I also think I have about the worst luck with arriving in some places. On the way to Varna (and I'll repeat this story in case I missed blogging it when it happened), I made a mistake with the train connections, and ended up choosing to take a 45 euro taxi ride from Ruse to Varna. An expensive little trip, as the train ticket would have cost about $4... But, given the alternative of staying in Ruse and losing the next day because of the train times (6am or 4pm), I opted for the taxi trip. Expensive, but the rest of Bulgaria was so cheap, it kind of evened out in my favor anyway.

Arriving in Plovdiv at almost 10pm, I took a taxi from the train station to the hostel. Mostly, because I knew it was a couple kilometers and I did not have a map -- so walking was not an option. I couldn't see the meter clearly in the cab (thank you stick shift), and it turned out he didn't turn the meter on. This is always a recipe for a scam. I was charged 8 Leva, which is only about $3 or so, so theoretically it wasn't too bad. Until someone and I took a taxi to the train station, and that fare was 1.80 Leva...

And then there was today. To backtrack to yesterday, I was at a travel agency getting information and plane tickets to my current destination. While I was originally going to take the bus here, I ended up flying because it wasn't that much more expensive, and it saved a great deal of time and added comfort. However, contemporary highway robbery is alive and can be found at the Izmir airport.

The travel agency rep made it sound like there were regular and frequent bus shuttles from the airport to Kasadasi. This is not true. The only way out of the airport was seemingly in a taxi or by stowing away on an obvious tour bus going to an unknown destination.
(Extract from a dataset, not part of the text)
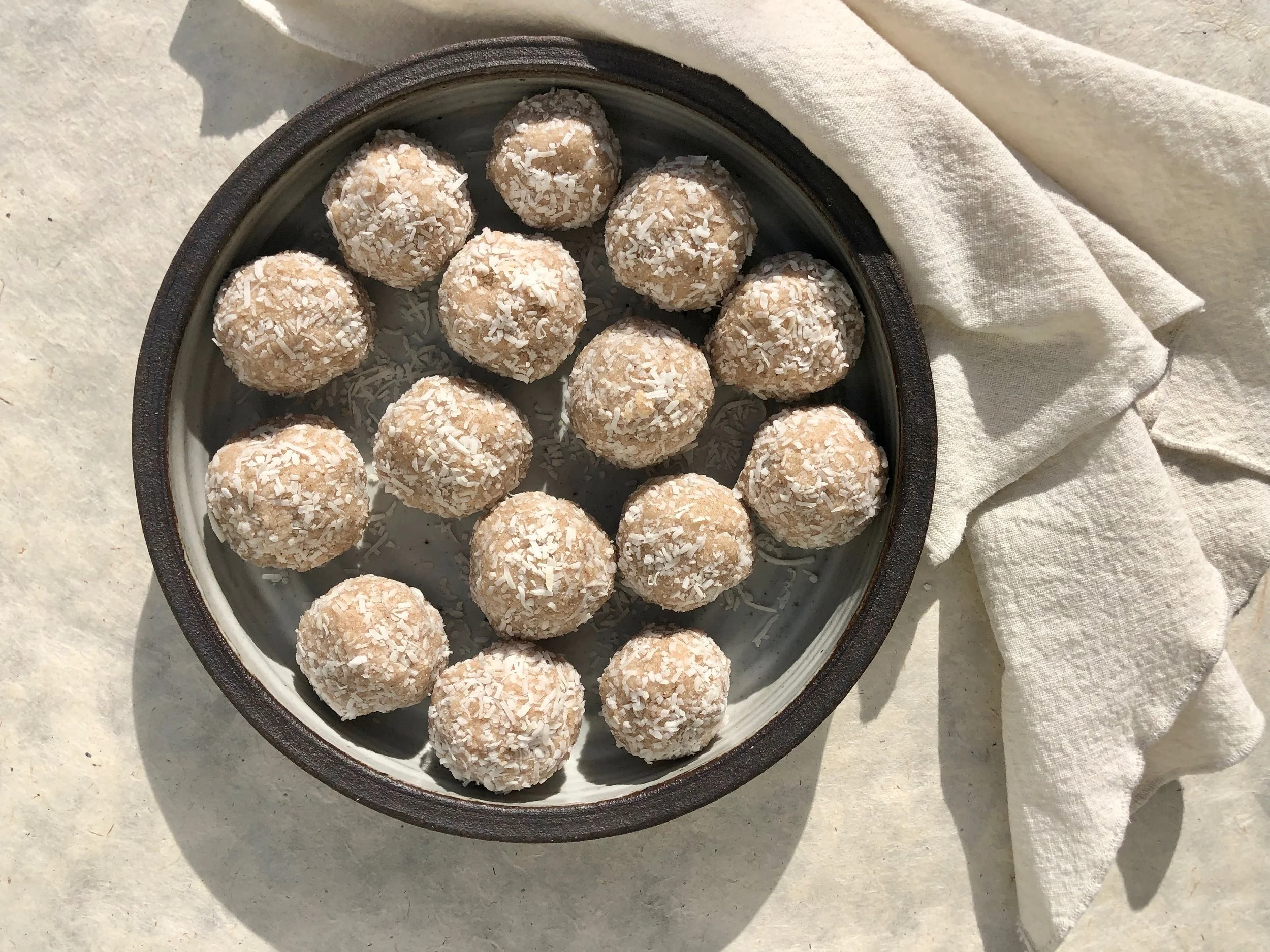 Remove dough from the food processor, and refrigerate for about 10-15 minutes just so the dough is firm enough to roll into balls. Using approximately 2 tbsp per serving, roll into balls. You can roll them in coconut flakes for an optional garnish.

I couldn't even see a bus stop for a regular city bus. In the end, I paid 80 lira (about $58) for a 60km taxi ride. Even to just go to the bus station would have been 50 lira...

I will certainly be researching cheaper ways to get back to the airport for my return trip.

After the taxi ride today, it just goes to show the adage of bad things happening in threes. It was the third thing to go awry in well under 24 hours. It started last night with an asshole of an Australian getting all pissy about the overflow sleeping arrangements for the hostel (a story about accomodation that I won't go in to full detail here), that ended up with him waking me up at 2.45am, him trying to berate me for something not my fault and something I did that was not done with malicious intent, and had conversation bits like this:

Me: [not saying anything while he rants and strokes his own broken self-esteem by spewing vitriol at me]
Him: Don't you have anything to say?
Me: No. There's nothing I can imagine saying that will make any difference to your view. It's pretty clear you've already made up your mind about how you feel.
Him: You have a point.

It ended with him doing what I suggested in the first minute of his self-serving rant (yes, I am still residually pissed and outraged) and him saying:

"Well what I can expect, you're American."

Oh, the torrent of retorts that I bit my tongue from saying then and the acts of backpacker terrorism I considered this morning while he was still sleeping...

The second act of awry was the oaf in the seat next to me, on the plane, spilling half his cup of coffee on my leg. I'm thankful that: 1. the coffee was served lukewarm; 2. I was wearing dark jeans that already need to go to the laundry.

Though, all is well now. I'm ensconced in a nice hotel (double bed!!), doted on by hotel staff (again, behold the power of a smile, red hair and a strappy top), and am in a lovely, hot locale on the Aegean coast.

And to think one of the Mancunians that read my blog said that it was all so nice, and that there wasn't anything harsh written. [I told him to check out the March/April archives...] It's mostly that I don't take too personally anything awry that happens these days. But when it comes in threes...I can't help but be a little more absorbent to the bad stuff. But like I said, I'm in the Town of Sun and Beaches and Very Close Proximity to Greece, so how can I still be upset? The Answer: I'm not.

Finally, it's off to explore this place a bit more properly [than what I saw from the taxi] and get some more sun.